<<<<
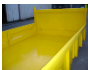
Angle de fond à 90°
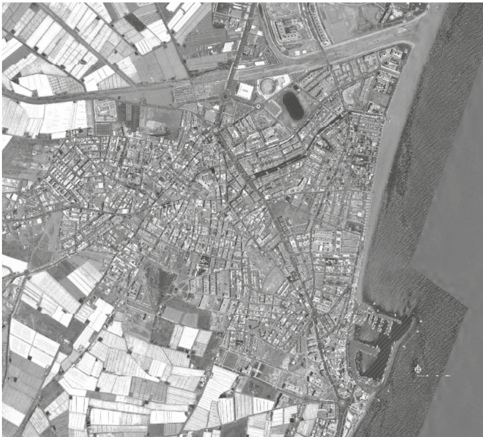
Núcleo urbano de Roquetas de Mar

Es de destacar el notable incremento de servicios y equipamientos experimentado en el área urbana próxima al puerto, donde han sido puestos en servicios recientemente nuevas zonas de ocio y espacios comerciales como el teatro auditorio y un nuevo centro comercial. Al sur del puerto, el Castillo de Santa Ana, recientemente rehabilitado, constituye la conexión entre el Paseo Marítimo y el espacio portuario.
>>>>
<<<<
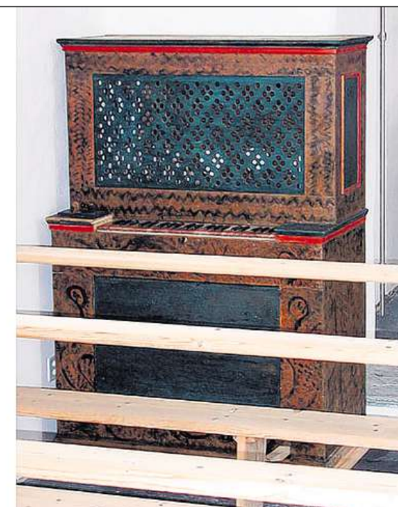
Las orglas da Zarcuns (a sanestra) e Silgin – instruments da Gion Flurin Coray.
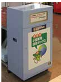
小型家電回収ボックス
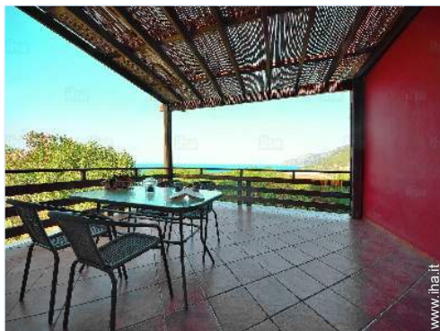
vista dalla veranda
>>>>
[Exercise instructions]: Copy the entries above exactly, but only the stretch from the line containing "Angle de fond à 90°" through the line containing "Núcleo urbano de Roquetas de Mar". Keep both end lines; drop the pictures.

[Exercise response]:
Angle de fond à 90°
Núcleo urbano de Roquetas de Mar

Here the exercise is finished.